§ **What you have to do**: Any picture in the data below gets skipped; print all the rest exactly.

---------- Dataset extract ----------

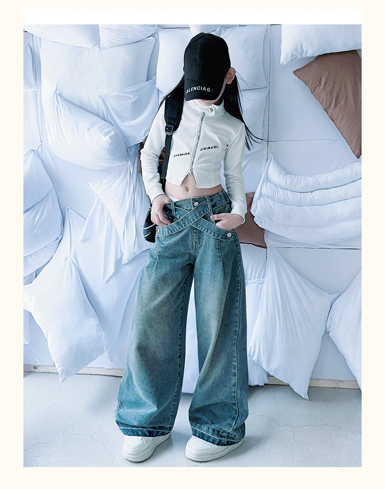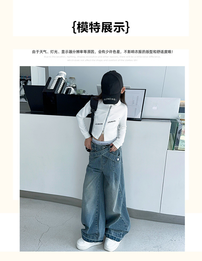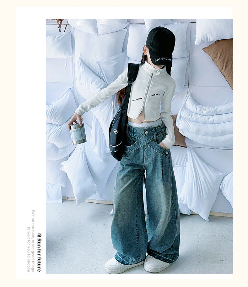 女の子の秋のスーツ2023の新しいファッションの女の子の中の大きい子供のカジュアルなジャズのカウボーイのスーツの春秋のタイプの潮の子供
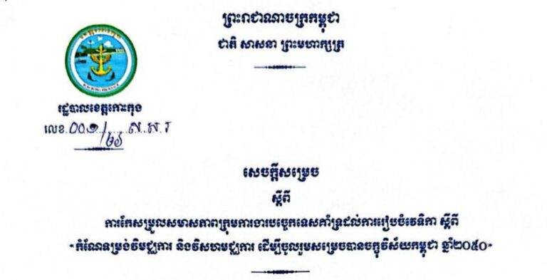 សេចក្តីសម្រេច ស្តីពីការកែសម្រួលសមាសភាពគណៈកម្មាធិការប្រជាជន និងអភិវឌ្ឍន៍ខេត្តកោះកុង
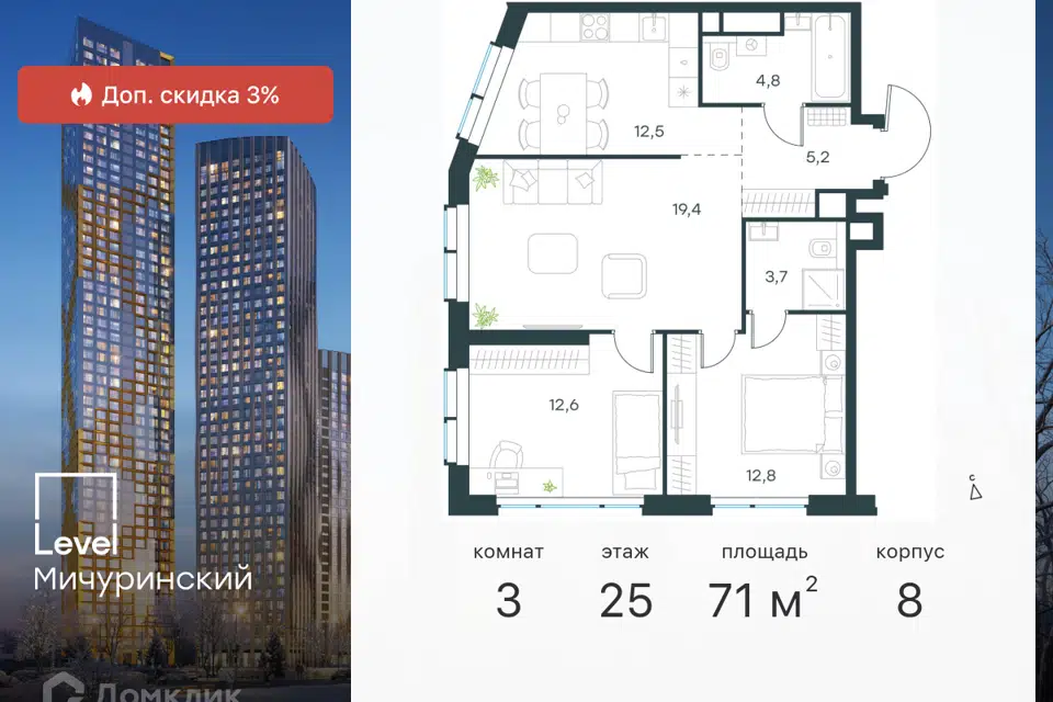 3-комн. кв., от 62.7 м², 5-27 этажи

----------

§ **Expected answer**:
 女の子の秋のスーツ2023の新しいファッションの女の子の中の大きい子供のカジュアルなジャズのカウボーイのスーツの春秋のタイプの潮の子供
 សេចក្តីសម្រេច ស្តីពីការកែសម្រួលសមាសភាពគណៈកម្មាធិការប្រជាជន និងអភិវឌ្ឍន៍ខេត្តកោះកុង
 3-комн. кв., от 62.7 м², 5-27 этажи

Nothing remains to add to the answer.